Key Terms and Players of Operations Research
More and more companies are turning to data analysts and mathematical engineers to solve key business problems. Here's a guide to the key players and the basic lexicon of their craft — operations research.
Key Players
Oracle: Oracle is one of the enterprise application developers that has helped bring OR models to mainstream business. The analytic tools built into its systems draw heavily on operations research techniques and keep the intimidating math behind the scenes.
SAP: Oracle’s big German competitor in the enterprise application space has also opened inroads for operations research in the corporate suite. Like Oracle, its ERP and BPM solutions make extensive use of OR techniques, again hiding math functions that would otherwise put off users.

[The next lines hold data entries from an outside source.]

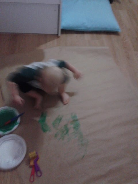 Merhabaaalar efendiiimmm :)) Annesinin dersleri ,sınavları, Minik adamın öksürükleri,ateşleri derken uzun zamandır ayrı kaldık blogumuzdan… Neyse ki hastalıklarımız büyük orandan azaldı ve sahalara geri döndük ! :)) Bugün ne yapsak , ne etsek,ne oynasak diye ; ETKİNLİK KİTABImızı kurcalarken de ;işte bu oyunu gördüm! AYAK BASKISI ! :))) Fikre bayıldım ama ,’banyo oyunu’ olarak uygulamak üzere erteleriz demiştim.. Derken ; Minik , zulama sakladığım kraft kağıtlarımı ele geçirmiş bir vaziyette karşıma gelince ;kendiliğinden bir araya gelen bu muhteşem ikiliye karşı koyamadım ! :)) Hemen; banyomuzun önündeki paspası ortadan kaldırıp ; yere bu koooskocaman kraft kağıdı serdim.. Parmak boyalarımızı tabaklara sıkarak hazırladım..Süngerler, fırçalar da tamam.. Çoraplar çıkartıldı, kollar sıvandıı …ve SAVAAAŞA HAZIRIIIZ ! :)) Önce ayaklarımızı boyalarla boyayıp,kağıdın üzerinde yürüdük,hopladık zıpladık 🙂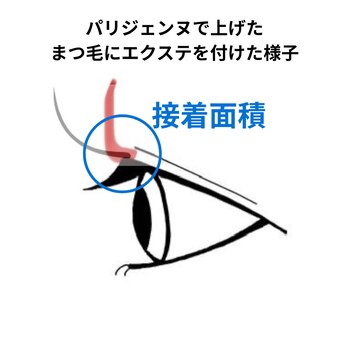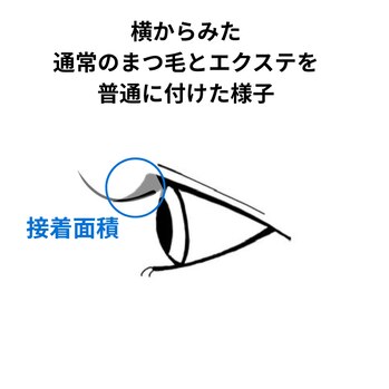 まつげエクステの着く位置と接着剤が重なり合う部分が少なくなり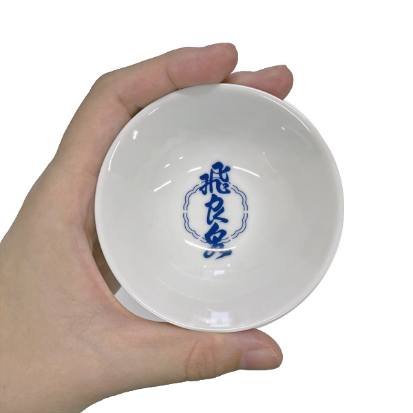 「飛良泉」のロゴ入り平盃です。口径が開いているので、香りが広がり穏やかな味わいが楽しめます。注いで浮き出た飛良泉のロゴが、お酒をキリッと引き締めます。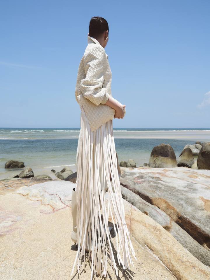 คอลเลกชันใหม่แจ็คเก็ตผู้หญิงแจ็กเก็ต keri Intrecciato หรูหราไม่มีสัตว์สีงาช้างเสื้อแจ็คเก็ตเสื้อผ้าผู้หญิงสำหรับฤดูหนาว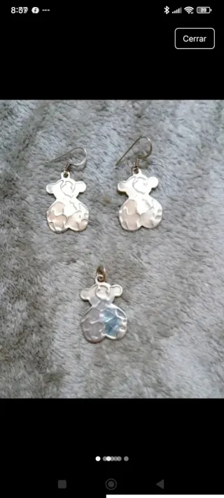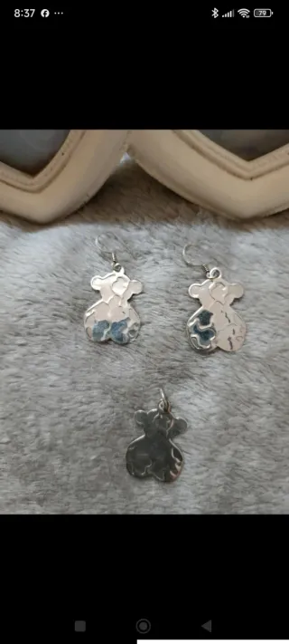 Conjunto de joyería de plata de primera ley. - Incluye un par de pendientes tipo Tou - Incluye un colgante de oso tipo Tou - Lleva el contraste de 925 que es el de 1° ley en España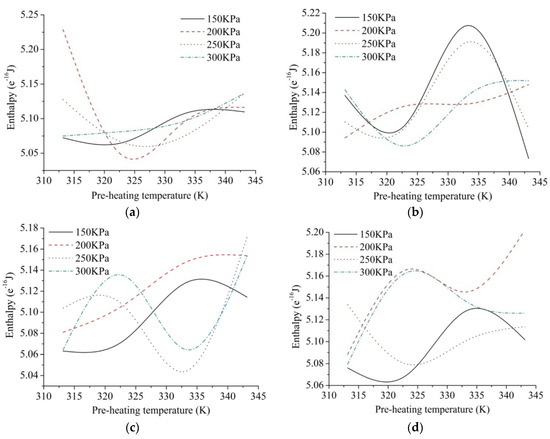 Figure 7a shows that the trends of enthalpy curves are from low to high with the rise of pre-heating temperature at a higher laying speed. In Figure 7b–d, most enthalpy curves have two inflection points with the rise of pre-heating temperature at the laying speed of 33 m/min, 30 m/min and 27 m/min, which could affect the variation trend of enthalpy. We also find that the internal energy of micro-system could not be improved with the increase of laying speed. Taken as a whole, the effect of pre-heating temperature and compaction force on the enthalpy is irregular, which indicates that there is a strong coupling interrelation among different processing parameters.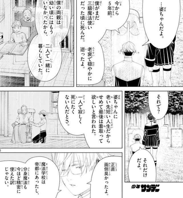 ユーベルはこのお墓は婆ちゃんのだよと言い、今から5年前にラントがまだ三級魔法使いだった頃に死んだ、老衰で穏やかに逝ったよ、と祖母の最後をユーベルに教えます。ラントが幼い頃にはもう両親がいなかったようで、ラントは祖母と一緒に暮らしていました。老い先短い人生だからせめて最後は看取って欲しいと祖母から言われて、ラントは一緒に暮らしていたそうですが、魔法学校は帝都にあり分身魔法も今ほど精密に使えたわけではなかったようで、正直面倒臭かったそうです。

Frontline Systems: Frontline Systems is the maker of the Solver Add-In for Excel. The company has helped put optimization within reach of the greater management population, not just the analytical few.
ILOG: This Paris-based company makes optimization engines and has new “business rules” software that uses OR techniques to create and enforce business policy. ILOG is also the maker of powerful large-scale optimization software, called CPLEX.
Rockwell: Rockwell Software makes Arena, one of the most widely used simulation packages in business.
Key Terms
Business modeling and analysis: The mathematical model of a business problem or challenge. The model is analyzed to figure out the best course of action. There are several modeling techniques, including optimization, simulation, game theory, and statistics.
Analytic competitor: A company that builds competitive advantage by coordinating the widespread use of sophisticated analytic techniques to gain business insight.
Optimization and math programming: A key method of OR that relies on mathematical algorithms — and software that can run them — to work its magic. All optimization models include an objective function, constraints, and decision variables.
Simulation: There are hundreds of simulation programs, all with different ways of modeling a particular problem. At the core of each package is a process called “event scheduling,” in which certain events will change the state of the system if certain conditions are satisfied.
Stochastic vs. deterministic: If models include any sort of randomness, they’re described as stochastic models. Otherwise, they’re deterministic. Stochastic models are harder to build, but they more closely resemble reality.